Word has leaked early Tuesday that the personal data of an estimated 18 million current, former and prospective federal employees was stolen by attackers in a cyber breach at the Office of Personnel Management, far more than currently disclosed by the Obama administration.
Specifically, it is four times worse than the 4.2 million records the agency has publicly acknowledged.
The 18 million number is even expected to grow, according to anonymous U.S. officials aware of the investigation.
Despite no disclosure to American taxpayers about the extent of the mishandling of employee records, FBI Director James Comey has nonetheless been using the 18 million estimate in a closed-door briefings to Senators in recent weeks.
That assessment is apparently based off of the OPM's own internal data, according to U.S. officials.
Yet the agency, and the Obama administration, refuses to level with the public, and potential victims, about the extent of the security lapses.
It is now understood that those affected include people who applied for government jobs, but never actually ended up being employed by the government.
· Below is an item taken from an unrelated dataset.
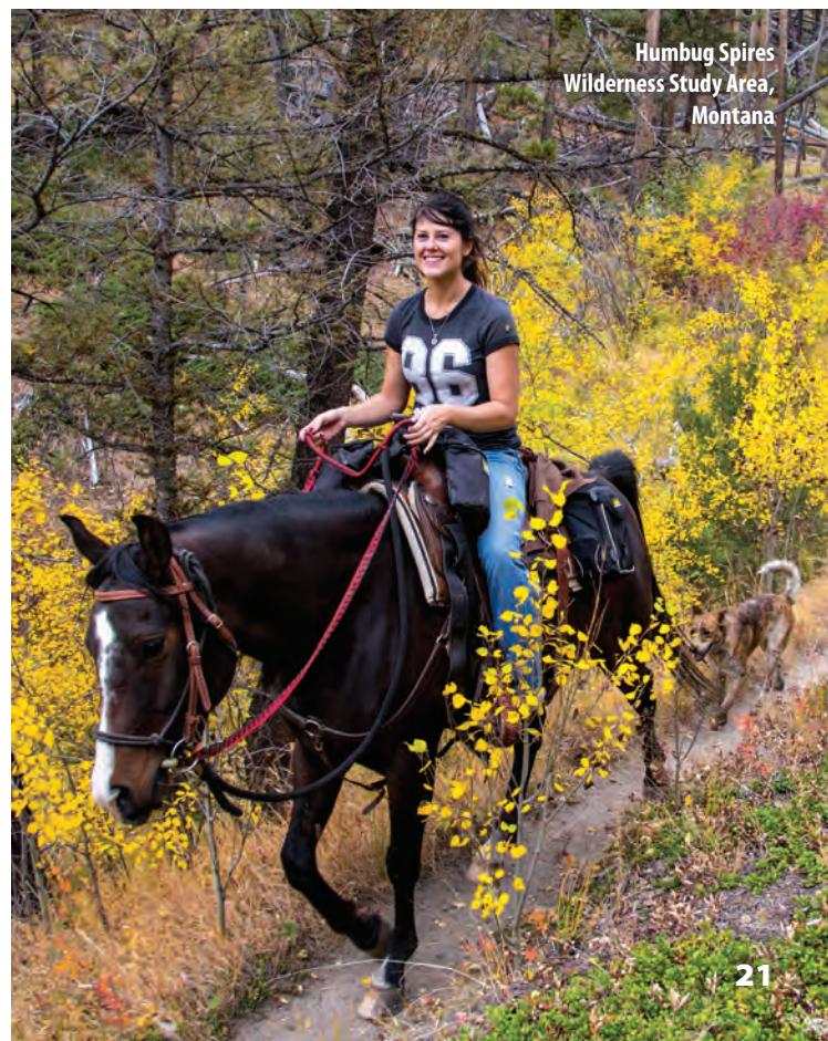
Humbug Spires Wilderness Study Area, Montana

The same hackers, who have been confirmed to be agents of the Chinese government, responsible for the breach of OPM's data are believed to have last year compromised an OPM contractor, KeyPoint Government Solutions, according to U.S. officials.
When the OPM intrustion was discovered in April, investigators identified KeyPoint security credentials that were used to breach the OPM records system.
It remains unclear as to why, after the intrusion last year, OPM officials did not block all access from KeyPoint, as doing so could have prevented more serious damage.
According to OPM officials, of course speaking anonymously, they don't believe such a move would have made a difference because the OPM breach is believed to have pre-dated the KeyPoint breach.
According to one official, the Chinese hackers had the "keys to the kingdom" for many years.
U.S. investigators have called the attack the largest data breach of the federal government in history but aside from that have refused to level with the public about just how serious the attack is and when investigators first knew about the breach.